You Pays Your Money, You Takes Your Chances

What happens across your lifetime to change you from young to old is known as stochastic damage - the integrity of your bodily systems nibbled away, one damaged or misplaced clump of atoms at a time. At the detail level of molecular machinery, this is basically random. But the process is statistically predictable when you start to look at the bigger picture: our bodies are all, sadly, headed downhill in much the same general direction, and we can even talk about trends, environmental factors, and speeds of decline when we examine large groups of people.

For you, personally, what this means is that you have a ticket to ride and you can steer the bounds of the possible by your actions. But there's no such thing as absolute control - there are only risks to be shifted one way or another. Laze around and grow fat, and watch the risk of diabetes, cancer, and dementia grow much larger. Or smoke and suffer the likely consequences. Or avoid doctors like the plague for two dozen years and you're making your own bad luck, slowly but surely.

Some people sail through all that exactly because they were lucky, or both lucky and possessed of rare protective genes. Equally, you could do everything right, live the healthiest life possible, and get nailed by cancer in your twenties, or by the sudden onset of an unsuspected genetic condition in your thirties, or by an autoimmune disease despite no history of it in your family. Or, hell, by some idiot operating heavy machinery without a license while you're minding your own business on the sidewalk. These things happen. They're rare, but the point is that they're on the ticket: all you can do is swing the odds.
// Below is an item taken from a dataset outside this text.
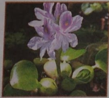
1. Water hyacinth
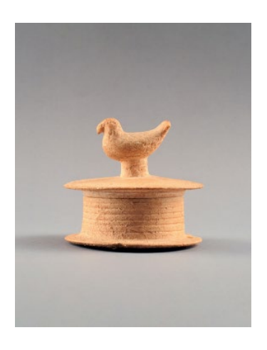
Figure 3.3 Container (Pyxis) with Dove, 2700–2300 BCE. Early Cycladic II; Greece, Cyclades Islands. Marble, 3\ 1/8 \times 3\ 3/8 \times 3\ 3/8 inches (7.9 × 8.6 × 8.6 cm). The Menil Collection, Houston.

One of the earlier purchases of the de Menils is a diminutive marble container (pyxis) with a sculpted dove (Figure 3.3). It is an ecru color and is approximately 3" in diameter and 3" high. It could have been made as an individual item for cosmetics or created as a funerary object. The small size makes it personal and easy to hold. The container had been identified both as "provenance unknown" and "reputedly found on

Some people die young and despite living well: it happens. I'm sure we can all think of a few we've known. But that doesn't remove any of the value of living well, doing the right things for your health, and generally trying to keep on the right side of heavy machinery. It's a matter of odds. Too many people look at disease in later life as exclusively bad luck, whereas they in fact had a hand in moving the needle the wrong way:

Lifetime physical inactivity interacts with secondary aging (i.e., aging caused by diseases and environmental factors) in three patterns of response. First, lifetime physical inactivity confers no apparent effects on a given set of physiological functions. Second, lifetime physical inactivity accelerates secondary aging (e.g., speeding the reduction in bone mineral density, maximal oxygen consumption, and skeletal muscle strength and power), but does not alter the primary aging of these systems. Third, a lifetime of physical activity to the age of ~60-70 years old totally prevents decrements in some age-associated risk factors for major chronic diseases, such as endothelial dysfunction and insulin resistance. The present review provides ample and compelling evidence that physical inactivity has a large impact in shortening average life expectancy. In summary, physical inactivity plays a major role in the secondary aging of many essential physiological functions, and this aging can be prevented through a lifetime of physical activity.

In some things we can make our own luck; in others we can't. Not much that can be done today about the bolt from the blue cancer in your teens, or the genetics that dealt you a heart that'll have to be nursed like the engine in a second hand car for the rest of your life. But for the rest of it: the prepared and the foresighted have what looks like great luck in life - at least from the perspective of people who didn't pay attention to all the groundwork that led to that point.